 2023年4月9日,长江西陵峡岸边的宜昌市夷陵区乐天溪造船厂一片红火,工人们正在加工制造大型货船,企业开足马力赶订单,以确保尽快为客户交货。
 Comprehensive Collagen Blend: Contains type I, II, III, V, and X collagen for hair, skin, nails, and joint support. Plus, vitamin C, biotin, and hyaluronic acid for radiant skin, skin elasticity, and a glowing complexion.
--
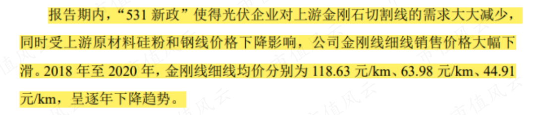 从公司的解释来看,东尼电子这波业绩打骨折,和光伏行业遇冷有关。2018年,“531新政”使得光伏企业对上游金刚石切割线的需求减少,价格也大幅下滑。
--
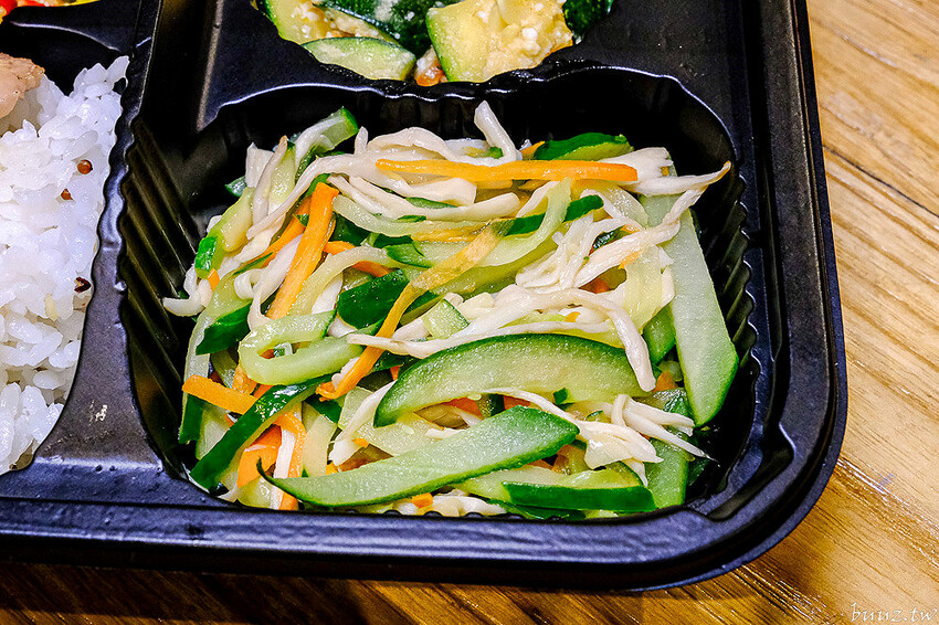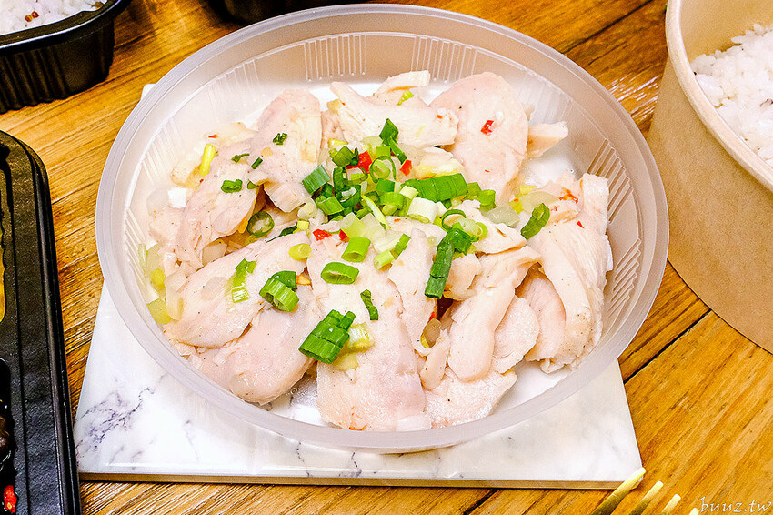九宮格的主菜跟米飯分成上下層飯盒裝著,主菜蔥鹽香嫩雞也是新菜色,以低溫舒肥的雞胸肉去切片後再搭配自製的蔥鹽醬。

**WHAT YOU ARE ASKED TO DO:** What you return must be an exact retyping of the lines above starting at the line with "2023年4月9日,长江西陵" and ending at the line with "Comprehensive Collagen Blend: Contains", and nothing besides.

**RESULT BELOW:**
 2023年4月9日,长江西陵峡岸边的宜昌市夷陵区乐天溪造船厂一片红火,工人们正在加工制造大型货船,企业开足马力赶订单,以确保尽快为客户交货。
 Comprehensive Collagen Blend: Contains type I, II, III, V, and X collagen for hair, skin, nails, and joint support. Plus, vitamin C, biotin, and hyaluronic acid for radiant skin, skin elasticity, and a glowing complexion.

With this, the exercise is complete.